Richard Manuel's route ran through a band called the Rockin' Revols, which opened for the Hawks in Port Dover and again at the Stratford Coliseum, where Hawkins heard him sing a song made famous by Ray Charles and decided on the spot that he needed him. Manuel was eighteen.

Garth Hudson took the most convincing. He'd trained classically at the University of Western Ontario, and his parents had paid for it, so a rock and roll band wasn't the plan. Hawkins got him anyway, using a cover story that Hudson's parents could live with: he'd join as a paid "music consultant," not a band member, and the other Hawks would each kick in ten dollars a week for "lessons." Hawkins also bought him a Lowrey organ, an instrument worth something like sixteen thousand of today's dollars at the time. Hudson joined in late 1961. By December of that year, the lineup that would eventually become the Band was complete: Helm, Robertson, Danko, Manuel, and Hudson, backing a singer none of them would still be backing five years later.
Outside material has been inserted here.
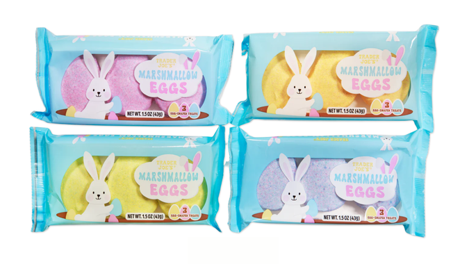 Egg-shaped marshmallow candies made without gelatin or corn syrup. As an Easter seasonal product, they are likely to disappear right after the holiday.

They spent those years earning their reputation the unglamorous way, through extended residencies at Le Coq d'Or Tavern on Toronto's Yonge Street, where Hawkins ran his own club upstairs, the Hawk's Nest, and where the band played for months at a stretch until they could do the whole set without thinking about it. A 1962 recording of the group, made at a high school gig in Fayetteville, wouldn't see official release until 2021, decades after everyone involved had either become famous or died.

The end came over the kind of grievances that sink most bands: money and control. Hawkins liked his musicians visible and unattached during shows, mingling with the crowd rather than sitting with girlfriends, and an altercation with Danko over exactly that in 1963 became the last straw in a longer list. Hawkins fined players for bringing women around. He skipped shows and left the Hawks to play without him, then balked when Helm argued they should be paid more for those nights. The music itself had started pulling in a different direction too, away from the strict rockabilly revue Hawkins wanted and toward something rougher and more varied. In early 1964, Danko, Helm, Robertson, Manuel, and Hudson gave Hawkins two weeks' notice and left, on terms good enough that Hawkins would go on inviting them back for reunions and guest spots for the rest of his life.

They didn't have a name yet. For a stretch they called themselves the Levon Helm Sextet, adding a sixth player, saxophonist Jerry Penfound, before settling on the simpler Levon and the Hawks. Whatever they were called, they were on their own for the first time, with nobody left to steal them from.